- [YOUR INSTRUCTIONS]
Without the pictures, return each record as it appears.

- [RECORDS SHOWN]
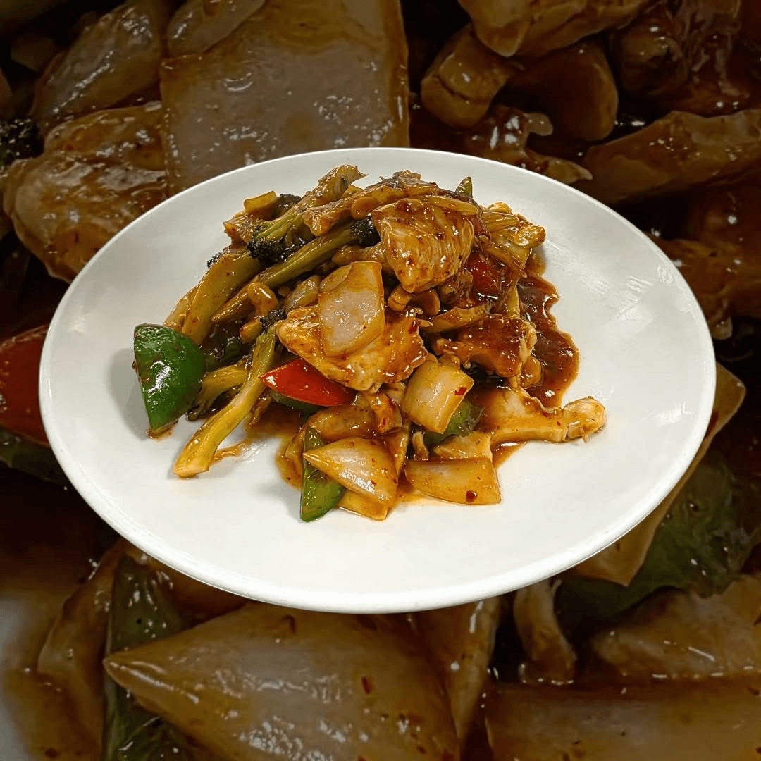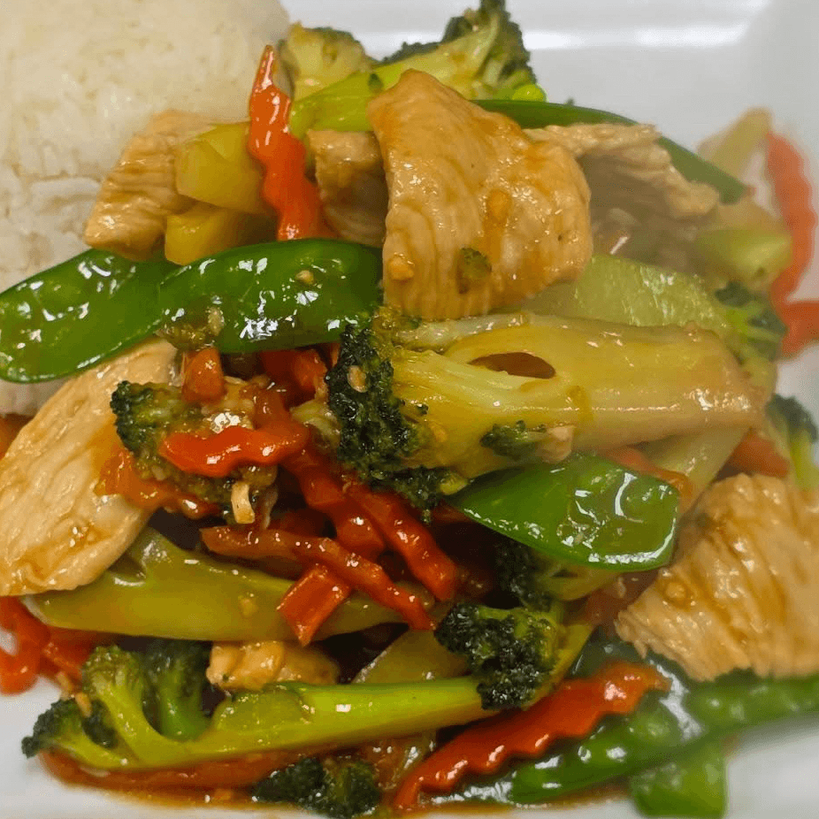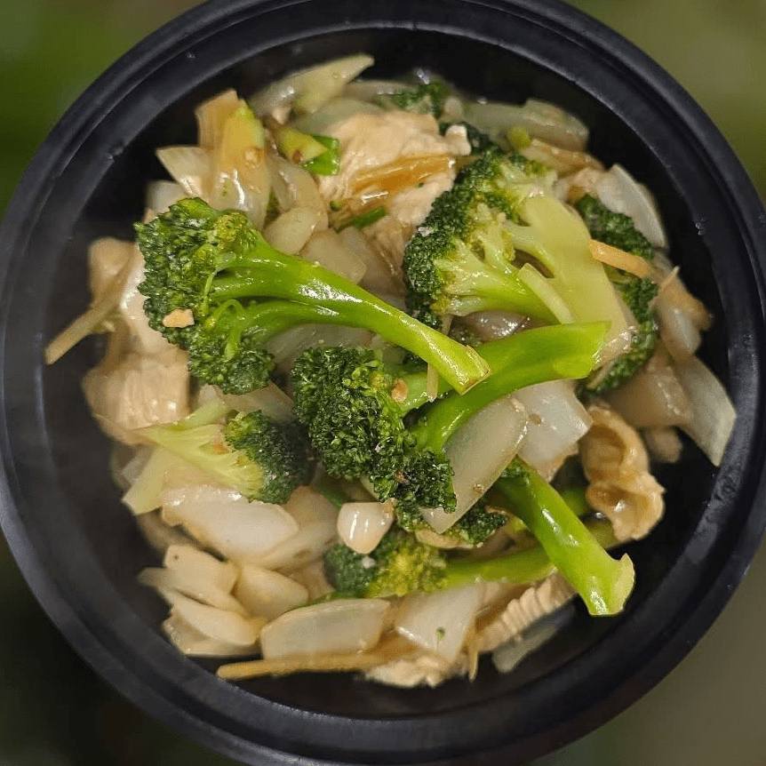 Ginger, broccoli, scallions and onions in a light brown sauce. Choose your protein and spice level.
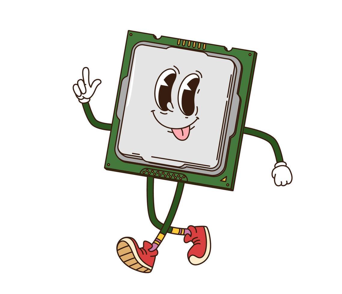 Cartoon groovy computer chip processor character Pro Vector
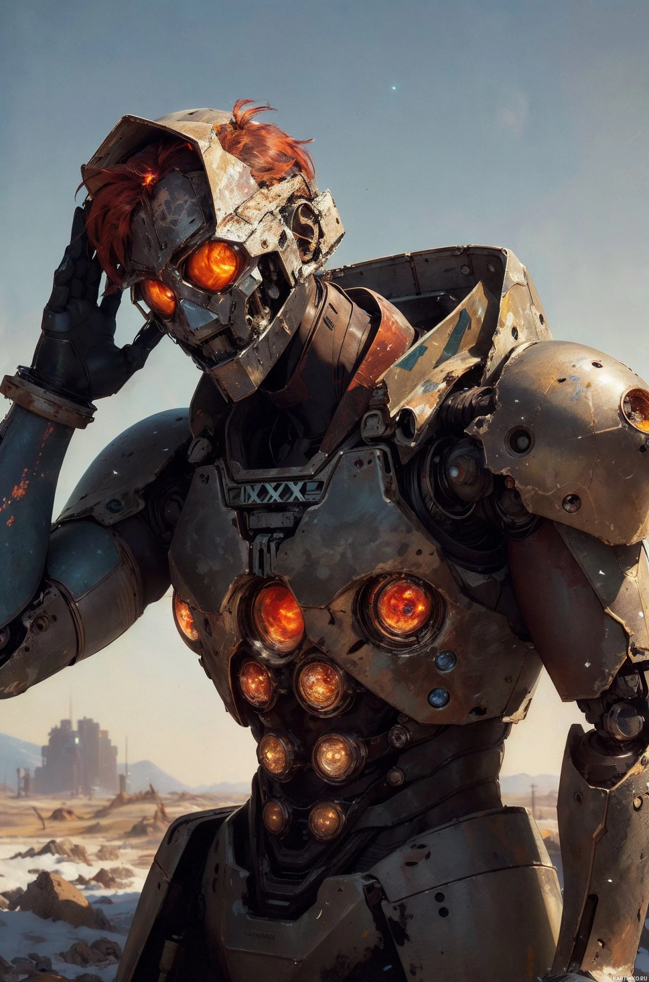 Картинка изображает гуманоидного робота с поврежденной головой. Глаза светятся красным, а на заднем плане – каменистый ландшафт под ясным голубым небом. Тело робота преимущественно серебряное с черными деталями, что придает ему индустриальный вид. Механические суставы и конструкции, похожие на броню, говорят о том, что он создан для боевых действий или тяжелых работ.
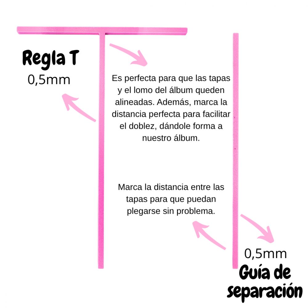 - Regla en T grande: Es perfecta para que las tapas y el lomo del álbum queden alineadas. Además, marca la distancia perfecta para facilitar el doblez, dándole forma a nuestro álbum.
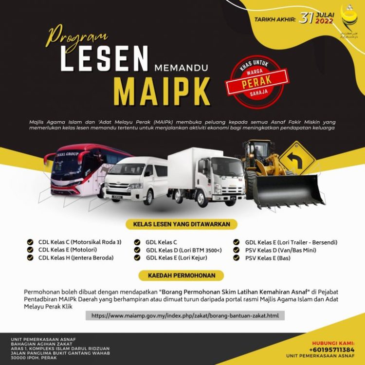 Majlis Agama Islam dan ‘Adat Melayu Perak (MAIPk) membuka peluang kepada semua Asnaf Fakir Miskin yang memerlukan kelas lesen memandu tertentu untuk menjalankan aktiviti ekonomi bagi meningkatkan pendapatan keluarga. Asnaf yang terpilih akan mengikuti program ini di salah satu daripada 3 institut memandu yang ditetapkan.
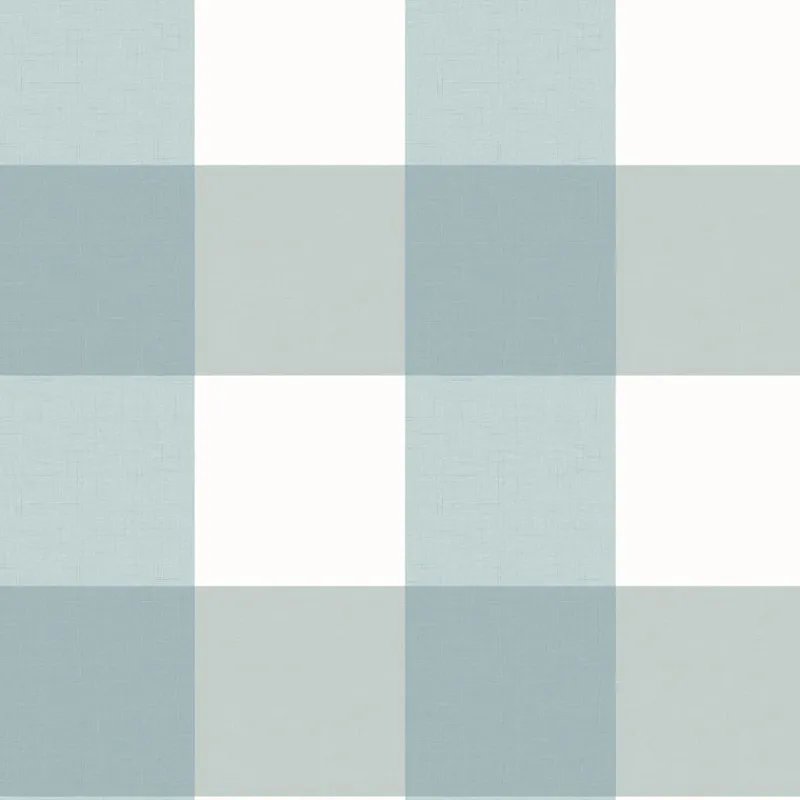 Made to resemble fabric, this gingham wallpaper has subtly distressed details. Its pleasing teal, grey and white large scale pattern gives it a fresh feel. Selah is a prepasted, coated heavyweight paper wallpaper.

- [RESPONSE]
 Ginger, broccoli, scallions and onions in a light brown sauce. Choose your protein and spice level.
 Cartoon groovy computer chip processor character Pro Vector
 Картинка изображает гуманоидного робота с поврежденной головой. Глаза светятся красным, а на заднем плане – каменистый ландшафт под ясным голубым небом. Тело робота преимущественно серебряное с черными деталями, что придает ему индустриальный вид. Механические суставы и конструкции, похожие на броню, говорят о том, что он создан для боевых действий или тяжелых работ.
 - Regla en T grande: Es perfecta para que las tapas y el lomo del álbum queden alineadas. Además, marca la distancia perfecta para facilitar el doblez, dándole forma a nuestro álbum.
 Majlis Agama Islam dan ‘Adat Melayu Perak (MAIPk) membuka peluang kepada semua Asnaf Fakir Miskin yang memerlukan kelas lesen memandu tertentu untuk menjalankan aktiviti ekonomi bagi meningkatkan pendapatan keluarga. Asnaf yang terpilih akan mengikuti program ini di salah satu daripada 3 institut memandu yang ditetapkan.
 Made to resemble fabric, this gingham wallpaper has subtly distressed details. Its pleasing teal, grey and white large scale pattern gives it a fresh feel. Selah is a prepasted, coated heavyweight paper wallpaper.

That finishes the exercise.